*YOUR OBJECTIVE*. In duplicating the lines below, keep every word unchanged and drop the pictures.

[Excerpts from a dataset]

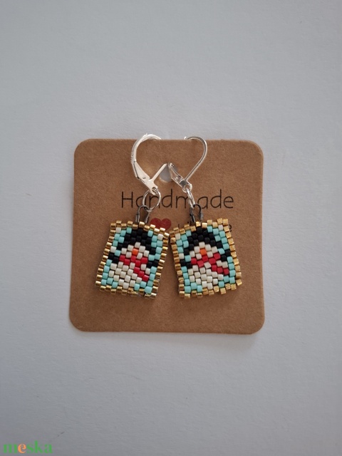 Karácsonyi fülbevaló - hóember / Peyote fülbevaló sterling ezüst akasztóval.
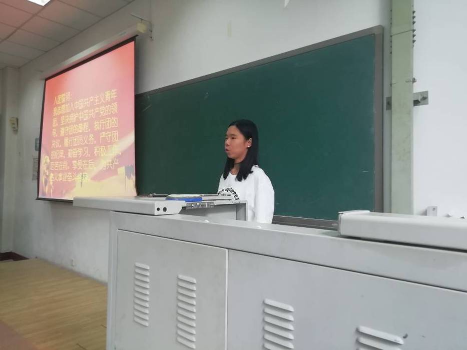 主题团日活动在国歌中拉开序幕。全体人员起立,奏唱国歌。接着,团支书周新秀带领新、老团员宣誓。此后,优秀团员代表刘晓旭发言。她呼吁,青年人作为新时代的主力军,要牢记使命,坚持中国共产党的领导,同人民一道为实现“两个一百年”奋斗目标、实现中华民族伟大复兴的中国梦而奋斗。优秀团员代表宫吉祥从思想、学习、生活等方面号召新团员们严格要求自己,不断挑战自己,积极为班级做贡献。
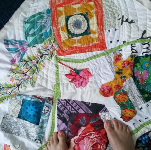 ReplyDeleteTerrific quilt--quite an accomplishment! It's very light-hearted and free form--I love the lack of straight lines for a change. I'm curious--why walking foot quilting and not FMQ?
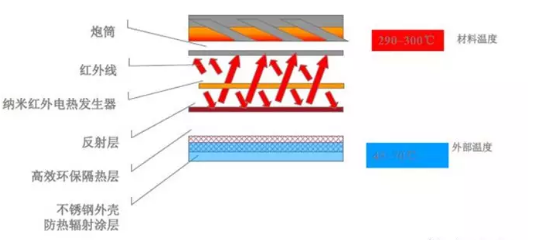 ????????與上面三種傳統(tǒng)加熱方式相比,紅外線加熱是近年來發(fā)展起來的一項新的加熱技術。加熱原理如圖4。
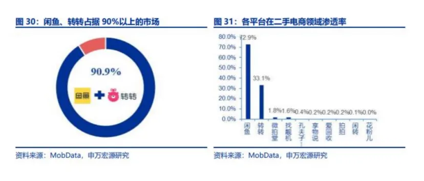 申万宏源指出,闲鱼与转转合计占据了 90% 以上的市场。其中,闲鱼的渗透率达 72.9%,远高于转转的 33.1%。
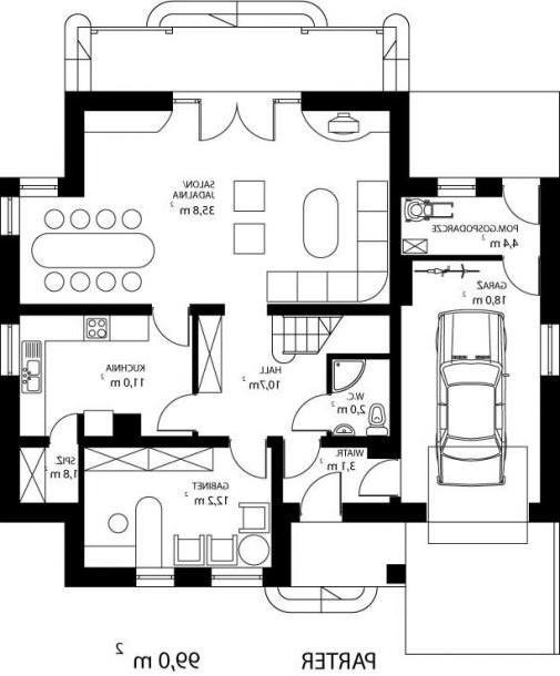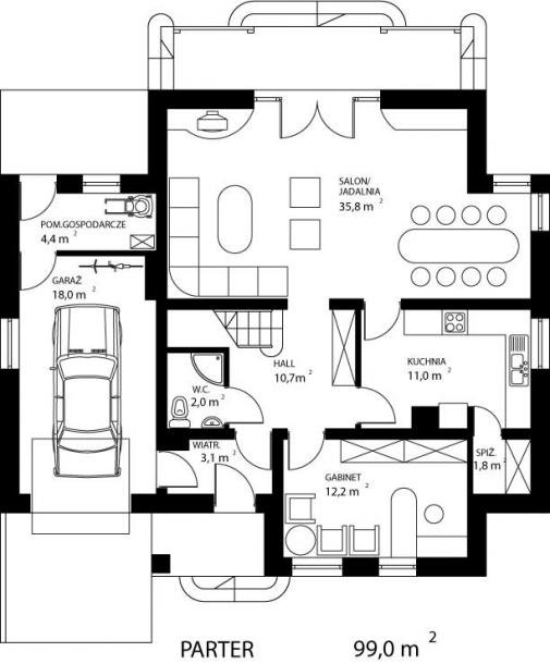 * dzienną (parter), w skład której wchodzą - wiatrołap; hall; w.c.; kuchnia; spiżarnia; salon/jadalnia; gabinet; garaż i kotłownia

*ANSWER TO THIS PROBLEM*.
 Karácsonyi fülbevaló - hóember / Peyote fülbevaló sterling ezüst akasztóval.
 主题团日活动在国歌中拉开序幕。全体人员起立,奏唱国歌。接着,团支书周新秀带领新、老团员宣誓。此后,优秀团员代表刘晓旭发言。她呼吁,青年人作为新时代的主力军,要牢记使命,坚持中国共产党的领导,同人民一道为实现“两个一百年”奋斗目标、实现中华民族伟大复兴的中国梦而奋斗。优秀团员代表宫吉祥从思想、学习、生活等方面号召新团员们严格要求自己,不断挑战自己,积极为班级做贡献。
 ReplyDeleteTerrific quilt--quite an accomplishment! It's very light-hearted and free form--I love the lack of straight lines for a change. I'm curious--why walking foot quilting and not FMQ?
 ????????與上面三種傳統(tǒng)加熱方式相比,紅外線加熱是近年來發(fā)展起來的一項新的加熱技術。加熱原理如圖4。
 申万宏源指出,闲鱼与转转合计占据了 90% 以上的市场。其中,闲鱼的渗透率达 72.9%,远高于转转的 33.1%。
 * dzienną (parter), w skład której wchodzą - wiatrołap; hall; w.c.; kuchnia; spiżarnia; salon/jadalnia; gabinet; garaż i kotłownia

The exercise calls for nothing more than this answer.